Oznaczanie stężenia białka metodą Bradforda

PRZEDRUK, oryginał dostępny pod adresem www

Uniwersytet Gdański (www)
Wydział Chemii (www)
Katedry Chemii Bioorganicznej (www)
Kierownik: Prof. dr hab. Krzysztof Rolka

Adres:
ul. Sobieskiego 18/19
80-952 Gdańsk
Kontakt: tel. 58 52 35 386

____________________________________________________________________________

Białka należą do podstawowych biopolimerów wchodzących w skład komórki. Zmiany stężenia białek kontrolują procesy metaboliczne komórki.
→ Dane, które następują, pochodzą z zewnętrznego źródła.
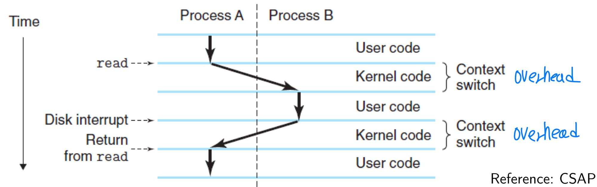 - ์ปจํ ์คํธ ์ค์์น ๊ฐ์ด hw support์ ๋ฐ๋ผ ๋ค๋ฅด๋ค.→ ๋ถ๋ฌ์๋ค๊ฐ ๋ค์ ์ ์ฅํ ํ์ ์์ด, ํ๋ก์ธ์ค ์์์ ์๋ค๊ฐ๋ค
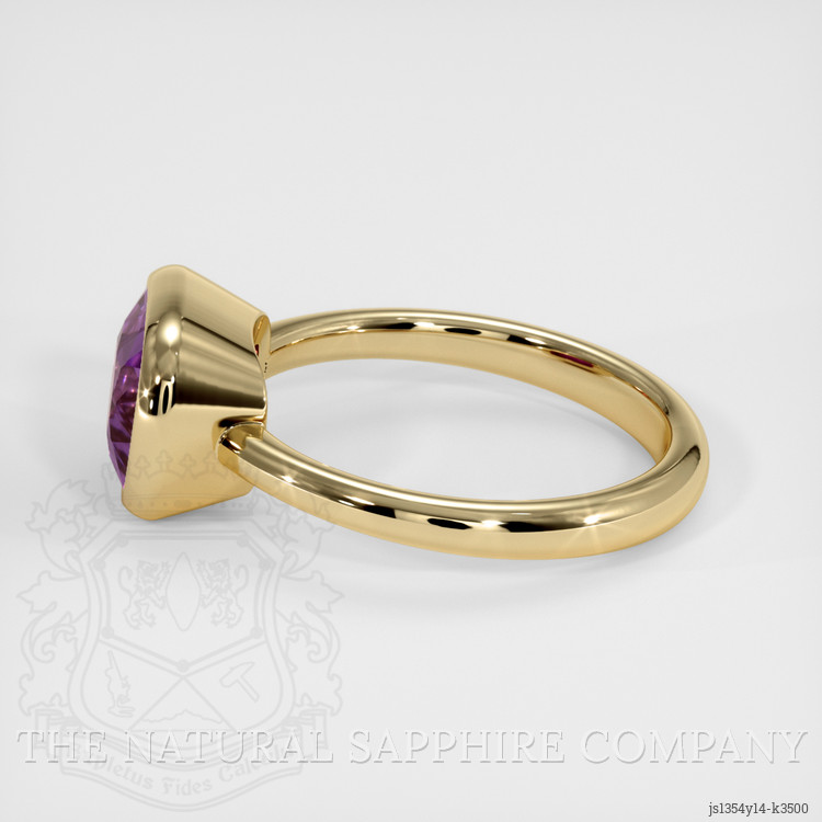 The men's ring features a beautiful, transparent 3.01 carat cushion shape purple spinel with the dimensions of 10.36 x 7.60 x 4.79 mm and a mixed brilliant cut. It has a clarity grade of eye clean (evaluated at eye level), intense color saturation, and an excellent polish. The origin of this spinel is Tanzania.
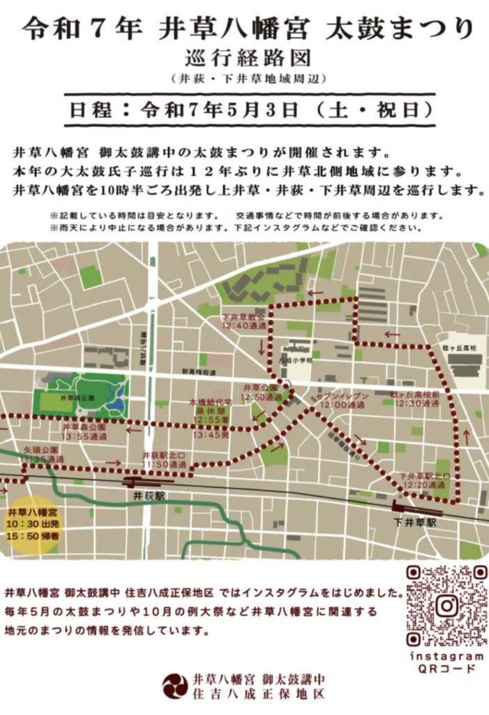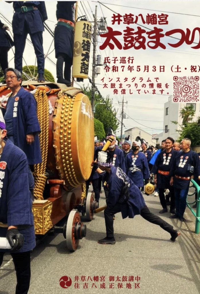 令和7年5月3日(土・祝日)「井草八幡宮 太鼓まつり」が上井草・四宮・矢頭・井荻・下井草北・井草1.2丁目を巡行いたしました。沿道には大勢の方々が見学され大きな大太鼓の音色におどろいていました。威勢の良い大太鼓の音色を聴くと「家内安全」「無病息災」と言われ縁起の良い事とされています。写真と動画を掲載いたします。音色を聴いて幸運を招いてください。

Oznaczenie stężenia białka umożliwia również określenie wartości energetycznej spożywczych produktów białkowych. Odczynnik Bradforda używany jest do oznaczenia stężenia białka. Procedura oznaczenia stężenia protein wykorzystuje zjawisko tworzenia się kompleksu barwnik-białko (Brilliant Blue G). Kompleks białko-barwnik powoduje przesunięcie długości fali odpowiadającej maksimum absorpcji barwnika z 465 do 595 nm. Wartość absorbancji jest proporcjonalna do stężenia białka. Jako wzorzec białka stosuje się albuminę bydlęcą. Liniowa zależność absorbancji od stężenia leży w zakresie stężenia białka 0,1-1,4 mg/mL.

Odczynniki i sprzęt:

1. Próbki białka o nieznanym stężeniu (np. mleko),
2. Roztwór wzorcowy białka o stężeniu 1 mg/Ml,
3. Odczynnik Bradforda,
4. 1% roztwór kwasu octowego,
5. Probówki zwykłe szklane oraz wirówkowe,
6. Pipety miarowe automatyczne: 20-200 µl oraz 200-3000 µl,
7. Wirówka,
8. Kuwety pomiarowe plastikowe,
9. Spektrofotometr UV-Vis,

Wykonanie doświadczenia:

1. Do probówki wirówkowej z 10 mL lekko ogrzanego mleka dodać powoli, mieszając, 4 mL 1% kwasu octowego. Wytrącony osad kazeiny odwirować przy 5000 RPM przez 5 min. Supernatant wykorzystać do ilościowego oznaczenia sumarycznej zawartości globulin i albumin w mleku.

2. Roztwór wzorcowy białka o znanym stężeniu początkowym (1 mg/mL) rozcieńczyć wodą destylowaną w taki sposób, aby otrzymać po 0,1 mL rozcieńczonych roztworów wzorca o różnych stężeniach (tabela poniżej, kolumna 3).

3. W 6 suchych probówkach umieścić po 2 mL odczynnika Bradforda i dodać jak najszybciej po 0,1 mL roztworu białka zgodnie z opisem umieszczonym w tabeli powyżej. Delikatnie wymieszać zawartość każdej probówki i inkubować w temperaturze pokojowej przez 20 min.

4. Po inkubacji, przy pomocy spektrofotometru UV-Vis, zmierzyć w kuwecie plastikowej absorbancję próbek przy λ=595 nm. Kompleks białko-barwnik jest trwały przez 60 minut. Absorbancja poszczególnych próbek powinna być zmierzona w jak najkrótszych odstępach czasu. Kuwety między pomiarami można płukać metanolem. Kuwety myje się zanurzając je na kilka godzin w 0,1 M roztworze HCl.

5. Na podstawie uzyskanych wyników, wykreślić krzywą wzorcową. Od wartości absorbancji dla każdej próbki należy odjąć wartość absorbancji probówki nr 1 (tylko odczynnik Bradforda). Z krzywej odczytać stężenie białka w nieznanej próbce (probówka nr 6). Określić sumaryczną zawartość globulin i albumin w mleku.